In this episode of Path TV, Avinash Conda and Michael Stearne of Path Interactive discuss robot.txt. file and it’s importance to your website.
So what is robot.txt. and how does it affect search engine crawlers? To understand robot.txt. it’s important to first understand what a robot it. Avinash describes it as a program that crawls or indexes your website, uncovering what exactly your website is all about. A robot.txt. file is simply a text file that provides the robot with information on what to crawl and what not to crawl, ultimately feeding this information to search engines. If there is something on your website that you simply do not want a search engine to crawl, you can tell your robot.txt. file to not crawl that specific pages.
Pages on your website, such as sensitive data on your site or a thank you page, you may not want to be indexed by search engines.

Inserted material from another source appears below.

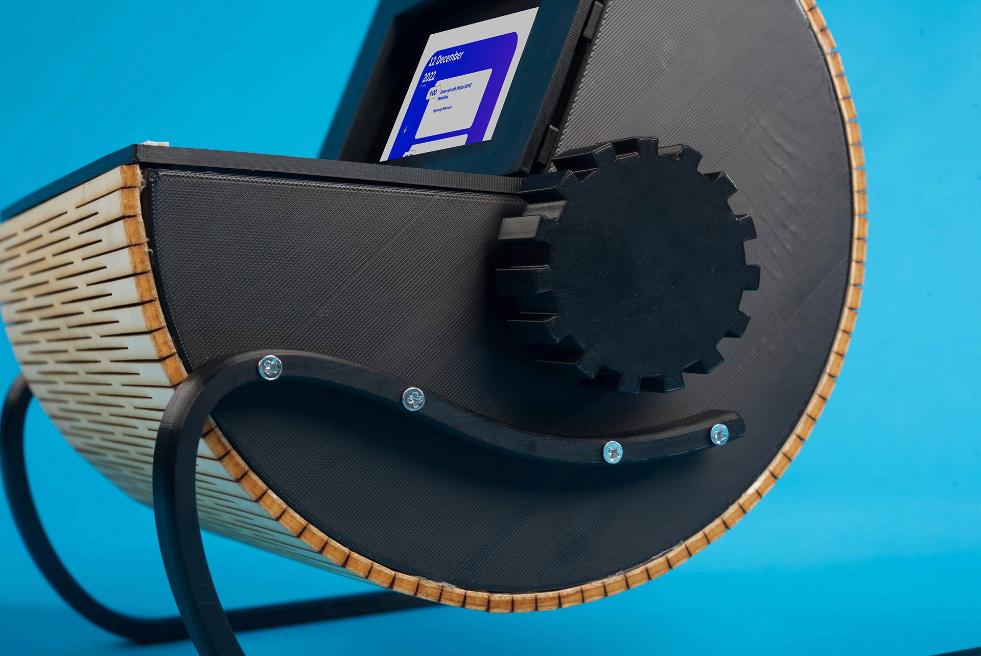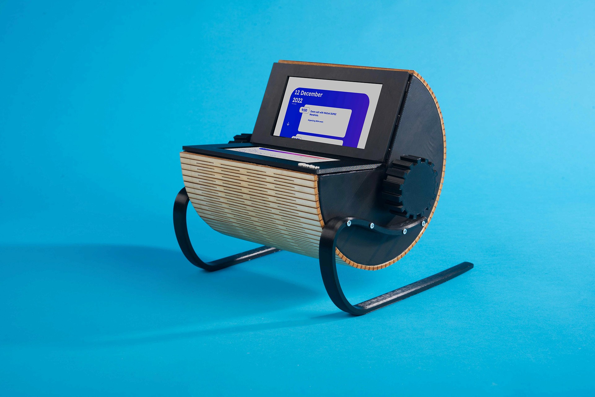 This physical object is designed with two rotary systems and two screens. The upper screen allows the user to see every single day and the details of the different appointments on that day, whereas the lower screen shows an overview of the entire week. The rotary system on the left side permits scrolling vertically to see the content of a single day. The rotary system on the right side allows the user to switch between dates horizontally.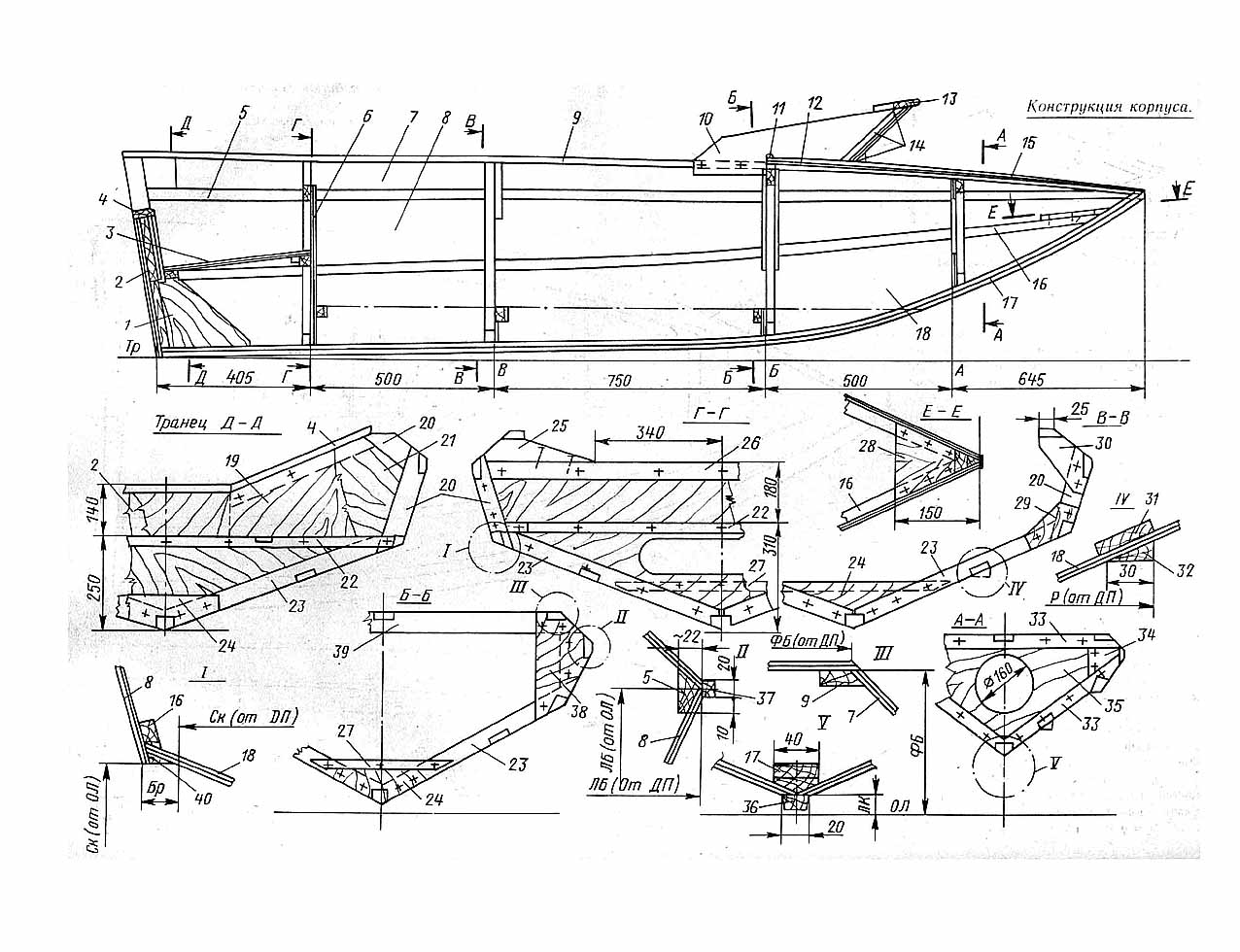 Конструкцию корпуса старался сделать как можно проще, в расчете на обшивку его строительной фанерой толщиной 5 мм. Поперечный набор составили транец и три шпангоута, собранных из реек 50Х16 мм. Киль склеил из двух реек 40Х10 мм. Между транцем и шп.Г сделал самоотливной рецесс, носовую часть защитил от заливания палубой и наклонным козырьком. Корпус был собран на гвоздях с применением эпоксидной смолы, снаружи оклеен слоем стеклоткани, Вес лодки составил 45 кг.

In that case, you’ll want to program your robot.txt file that way, signaling the search engine bots to not crawl those pages.
Stay tuned for the next episode of Path TV, in which Avinash and Michael will discuss the structure of a robot text file.
0:13 Michael Stearne – Hello and welcome another exciting episode of Path TV.
0:15 I am your co-host Michael Stearne and this is my co-host Avinash Conda.And today we are discussing Robots.txt
0:31 Avinash Conda – All right.
0:33 Michael Stearne – So what is it? What’s it for?
0:35 Avinash Conda – Yeah, First thing what are Robots? Well they are all robots, spiders, crawlers.
0:41 They are nothing but a program, a script which search engines and few other site write to come to your website and look at all your pages.
0:52 Take lists of all the pages, which its called crawling, is coming to your website and actually crawling your website.
0:59 To index them in their indexes. Maybe for search engine sakes; Mostly for search engine sake but few other sites which do that, So those are robots.
1:09 Michael Stearne – They can go through every page in the site, page by page, crawling around the site as if you were a regular visitor or real visitor crawling from page to page.
1:19 Avinash Conda – Yeah, that’s a robot. You know what’s a robot.txt.
1:22 It’s a text file, obviously, txt which tells the robot what to crawl and what not to crawl.
1:30 So not only for security reasons but also its a preference to people who don’t want some of their pages indexed by search engine; thank you page or something.
1:41 Michael Stearne- Some administrative section or private section of sites.
1:44 Avinash Conda – Private section, some people actually have passwords of their website, all that data they don’t want to crawl and indexed. So those actually can be blocked in the robot.txt.
1:54 It’s a file which can actually say any robot just crawl this part and not this part. Or you can actually mention the robot; let it be Google robot or you can say for this search engine please crawl all this and you can actually block some of the rebooting crawling them.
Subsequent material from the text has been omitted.